= PROVIDED DATA =
++++++++
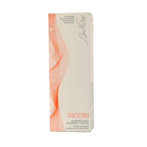 BioNike TRIDERM emulsione corpo Emulsione fluida che regala un prolungato effetto rinfrescante e lenitivo, alleviando fastidiose sensazioni di prurito. La speciale formula, realizzata senza l’utilizzo di conservanti e profumo, è Nickel tested ed è studiata appositamente anche per soggetti allergici con pelle molto sensibile, intollerante e facilmente arrossabile. La sua formulazione equilibrata aiuta a ricostituire la naturale barriera protettiva della pelle, anche di neonati, bambini e anziani.
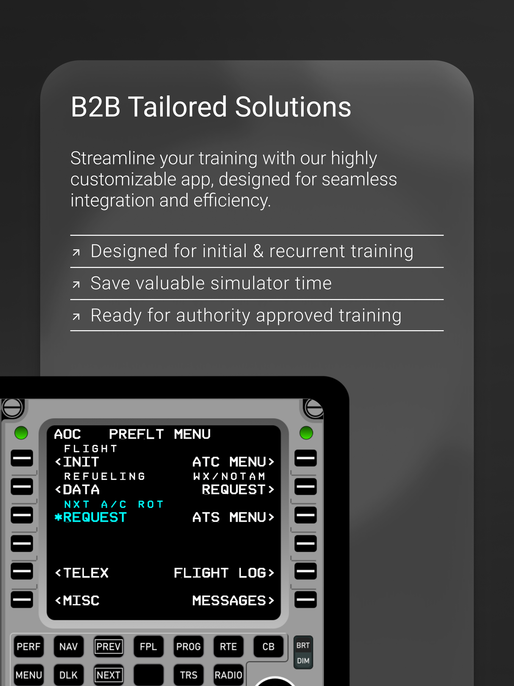 Guided Tour - A tutorial leads pilots through a whole FMS setup based on company´s individual Operational Flight PlanStatic Analyzer - Pilots choose a mission according to the syllabus and receive detailed feedbackError Check - Click on any error message in the scratchpad and receive a detailed explanationFailure simulationCPDLCFlight Phases - Explore the FMS in all phases of flight
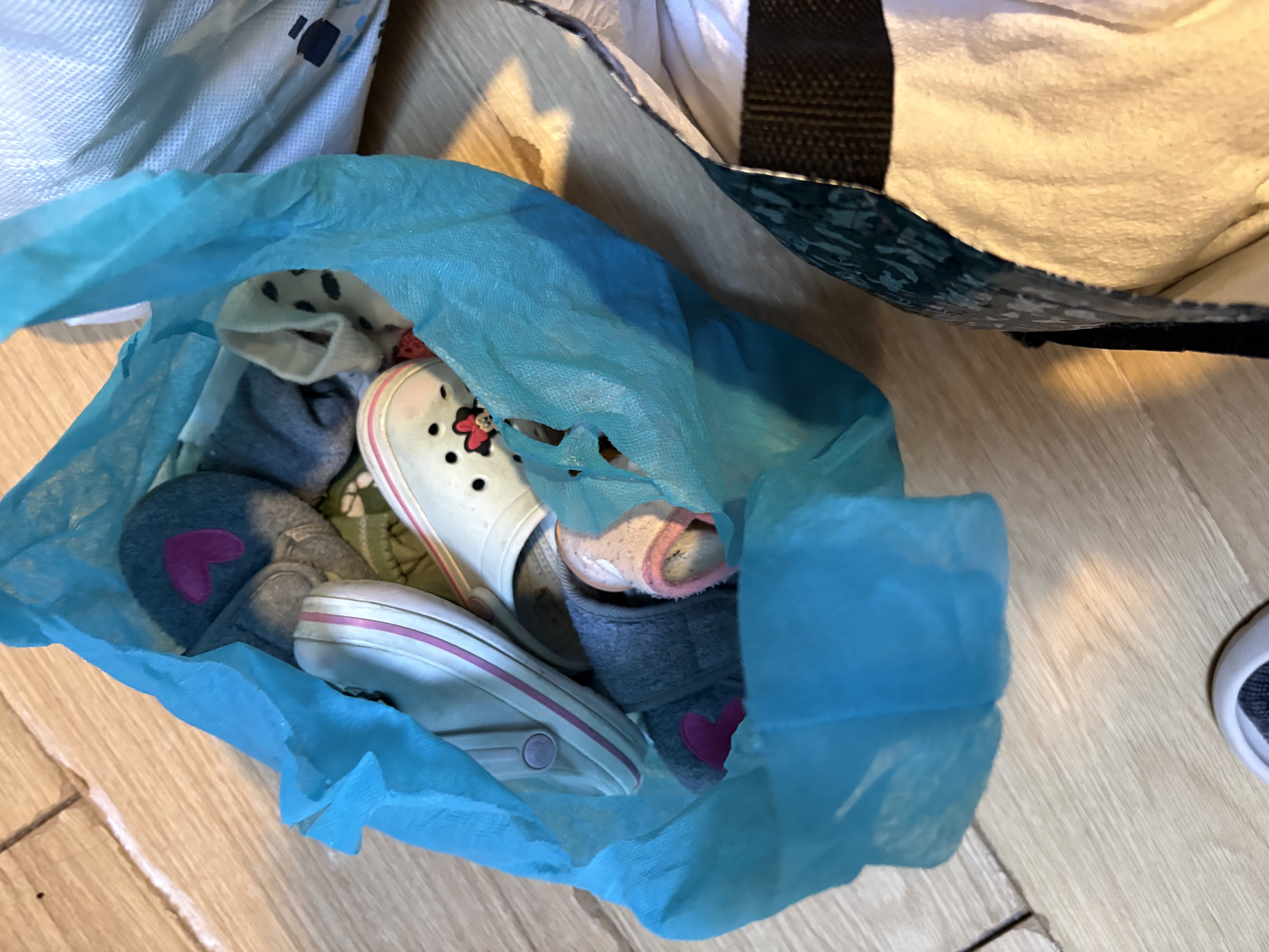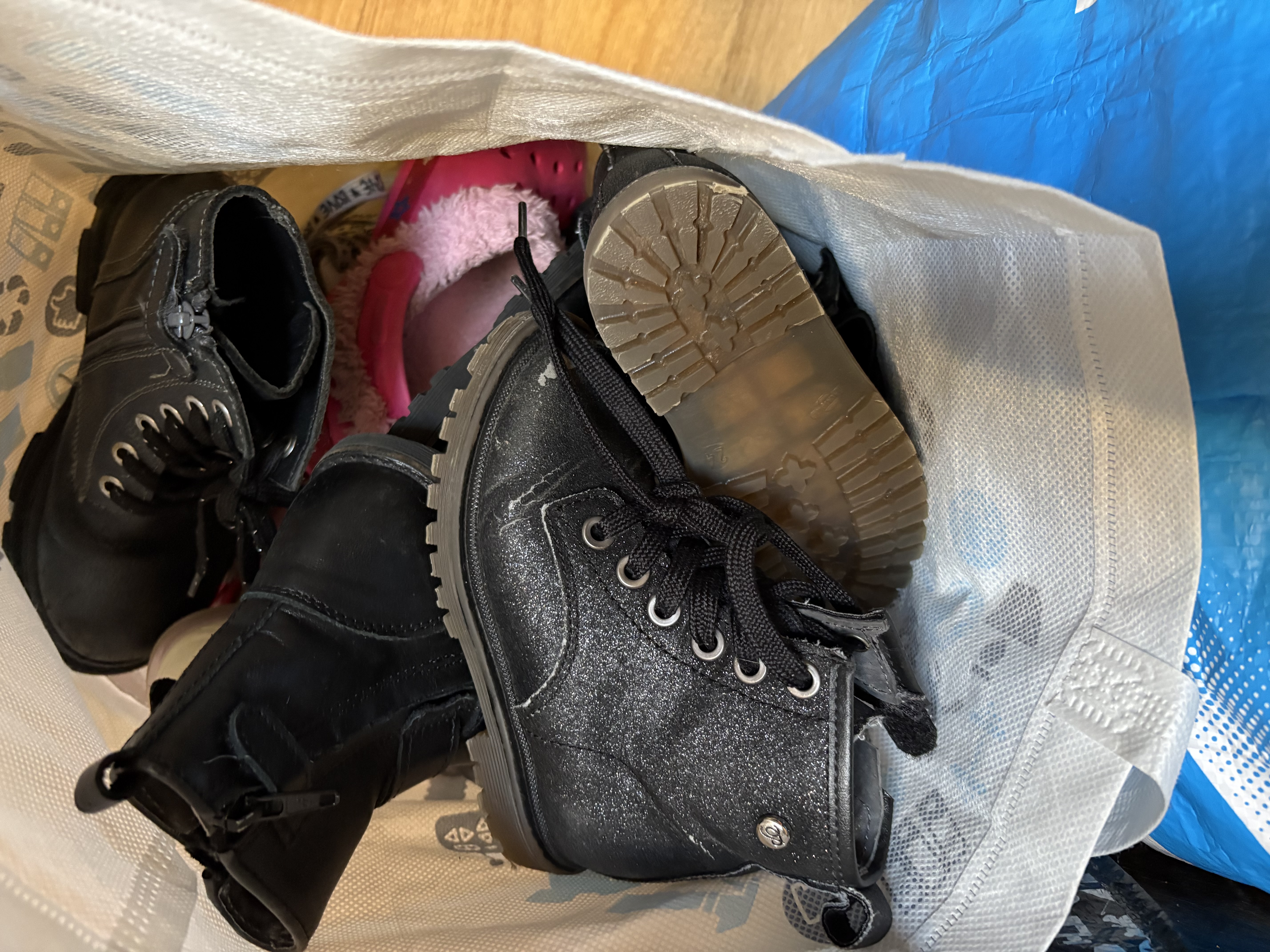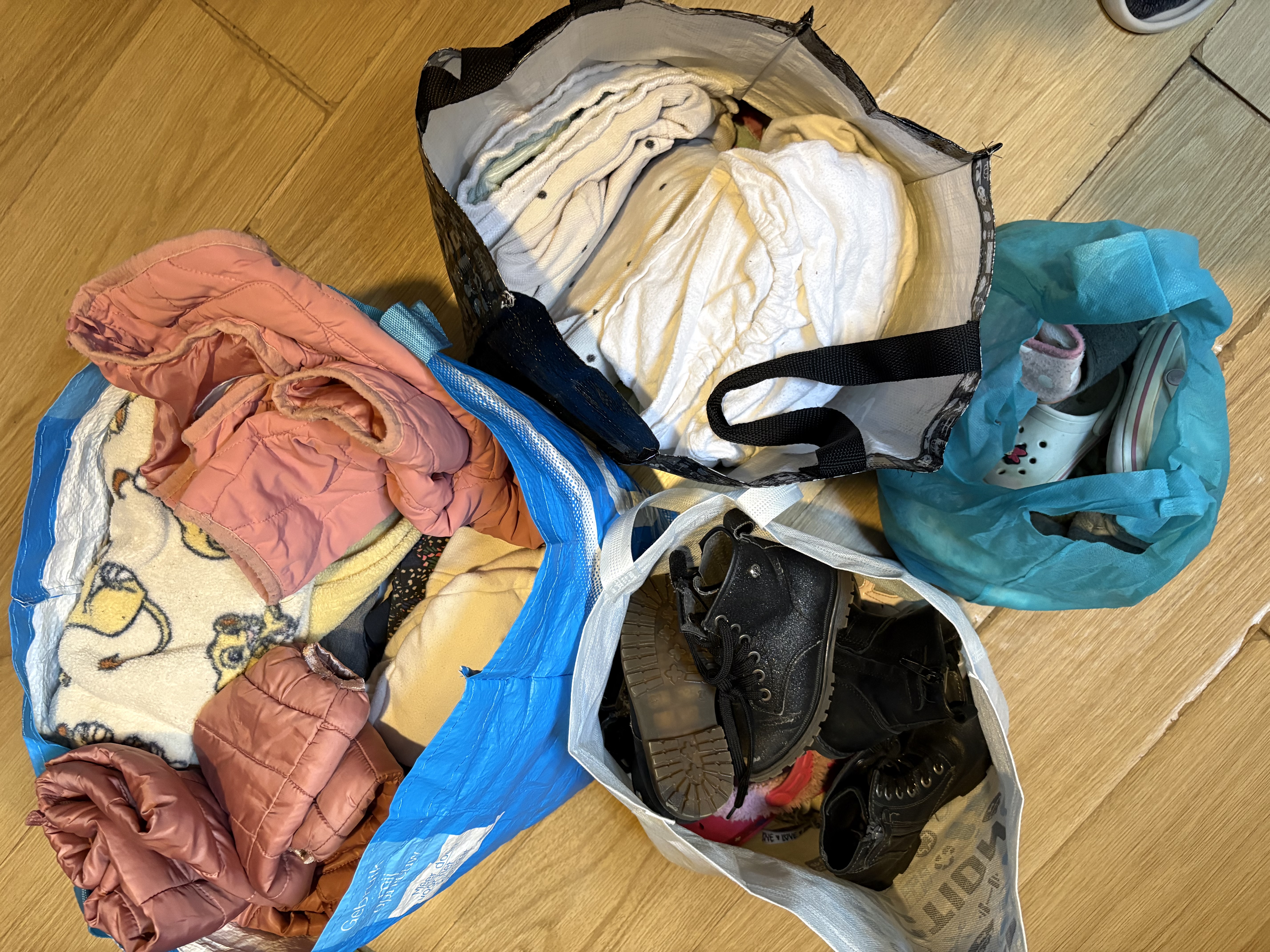 Girls' clothes in sizes 80/86 to 104. A bit of everything. Rompers, pajamas, shoes, booties, socks, sleeping bag, bathrobe, jackets, jeans, and some shirts. Used but still in good condition. Also a mattress protector and crib cover, and some bath capes and towels for after swimming/showering. Shoes are in various sizes, including some larger sizes.
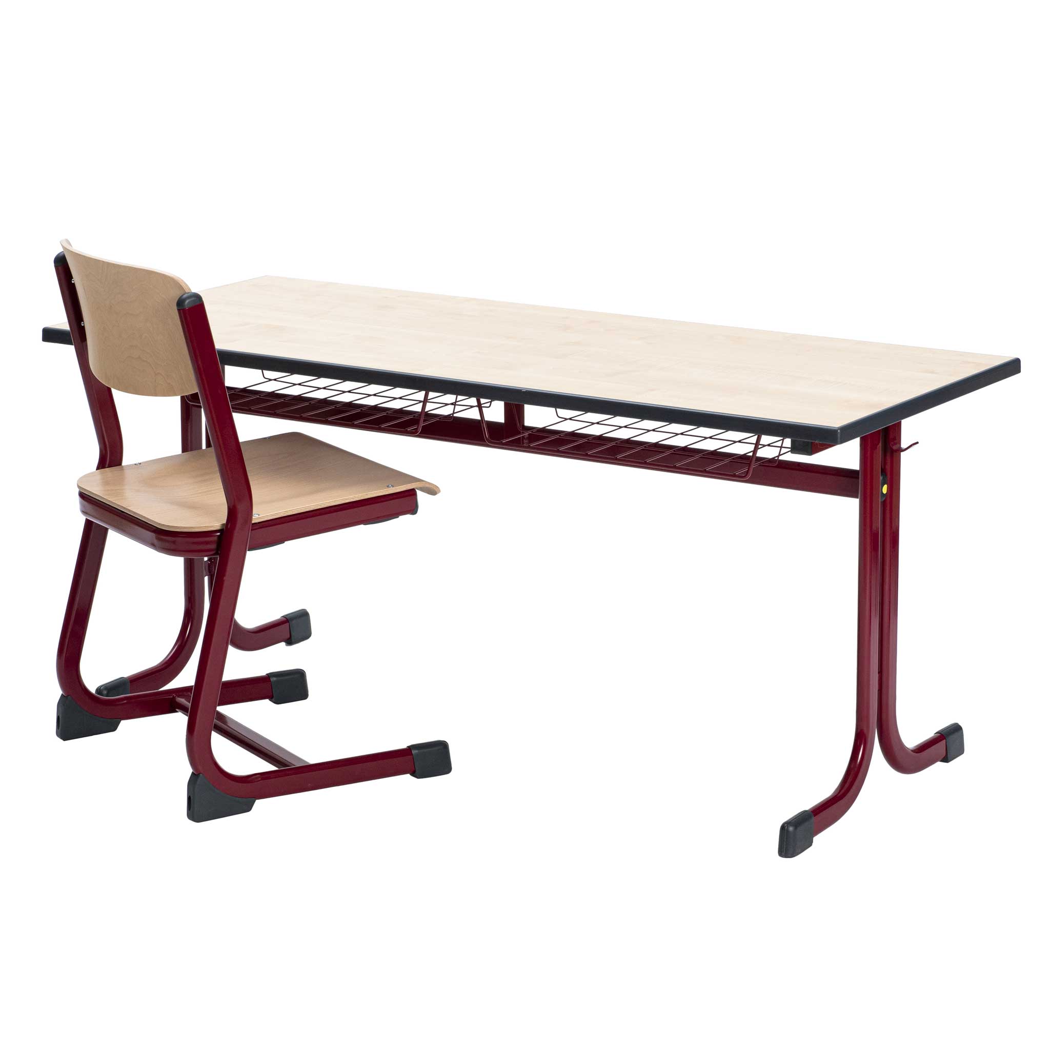 Zweier-Schülertisch mit Doppel-C-Profil, mit Drahtkorbablage
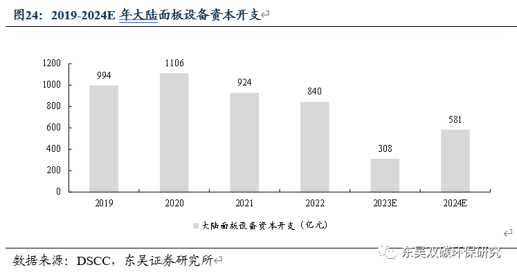 2)参考DSCC的预测,我们认为面板进入存量市场阶段,我们假设2023-2030年中国大陆面板设备资本开支保持每年-5%的增长,设备始终占据总资本开支的90%。
++++++++
= EXERCISE =
Without any pictures, write out the lines running from the one containing "Girls' clothes in" through the end of the listing above, both included, exactly as given.

= YOUR SOLUTION =
 Girls' clothes in sizes 80/86 to 104. A bit of everything. Rompers, pajamas, shoes, booties, socks, sleeping bag, bathrobe, jackets, jeans, and some shirts. Used but still in good condition. Also a mattress protector and crib cover, and some bath capes and towels for after swimming/showering. Shoes are in various sizes, including some larger sizes.
 Zweier-Schülertisch mit Doppel-C-Profil, mit Drahtkorbablage
 2)参考DSCC的预测,我们认为面板进入存量市场阶段,我们假设2023-2030年中国大陆面板设备资本开支保持每年-5%的增长,设备始终占据总资本开支的90%。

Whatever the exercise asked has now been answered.